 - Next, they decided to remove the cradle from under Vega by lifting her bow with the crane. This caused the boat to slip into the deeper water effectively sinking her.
--
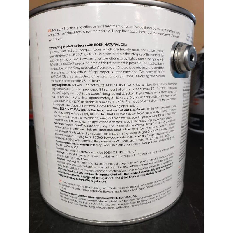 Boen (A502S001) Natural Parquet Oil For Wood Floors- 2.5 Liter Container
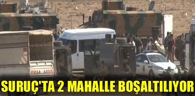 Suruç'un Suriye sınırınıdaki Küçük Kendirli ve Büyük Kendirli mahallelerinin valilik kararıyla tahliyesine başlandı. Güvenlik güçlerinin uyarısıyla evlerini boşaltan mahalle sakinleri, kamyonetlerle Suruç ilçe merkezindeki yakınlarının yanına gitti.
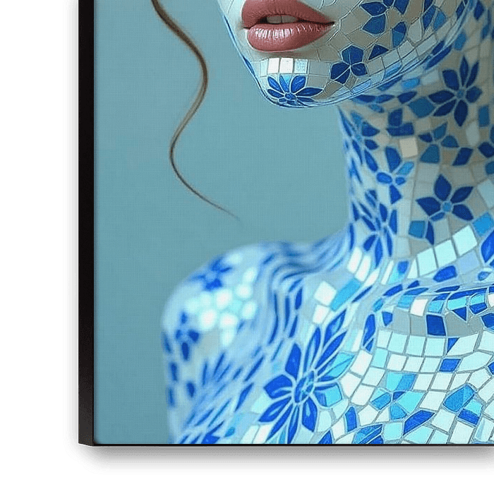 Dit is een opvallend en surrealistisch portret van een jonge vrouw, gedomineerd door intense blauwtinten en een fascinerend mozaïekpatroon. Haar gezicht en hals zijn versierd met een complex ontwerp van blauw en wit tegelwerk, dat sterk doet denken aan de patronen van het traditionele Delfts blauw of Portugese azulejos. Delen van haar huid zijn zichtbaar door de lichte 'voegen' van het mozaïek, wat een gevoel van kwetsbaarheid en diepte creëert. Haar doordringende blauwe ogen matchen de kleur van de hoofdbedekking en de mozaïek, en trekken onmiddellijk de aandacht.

Try it:
Lines from the one above containing "Suruç'un Suriye sınırınıdaki" down to the one containing "Dit is een opvallend" should be transcribed exactly, with both ends kept and no pictures.

Exercise output:
 Suruç'un Suriye sınırınıdaki Küçük Kendirli ve Büyük Kendirli mahallelerinin valilik kararıyla tahliyesine başlandı. Güvenlik güçlerinin uyarısıyla evlerini boşaltan mahalle sakinleri, kamyonetlerle Suruç ilçe merkezindeki yakınlarının yanına gitti.
 Dit is een opvallend en surrealistisch portret van een jonge vrouw, gedomineerd door intense blauwtinten en een fascinerend mozaïekpatroon. Haar gezicht en hals zijn versierd met een complex ontwerp van blauw en wit tegelwerk, dat sterk doet denken aan de patronen van het traditionele Delfts blauw of Portugese azulejos. Delen van haar huid zijn zichtbaar door de lichte 'voegen' van het mozaïek, wat een gevoel van kwetsbaarheid en diepte creëert. Haar doordringende blauwe ogen matchen de kleur van de hoofdbedekking en de mozaïek, en trekken onmiddellijk de aandacht.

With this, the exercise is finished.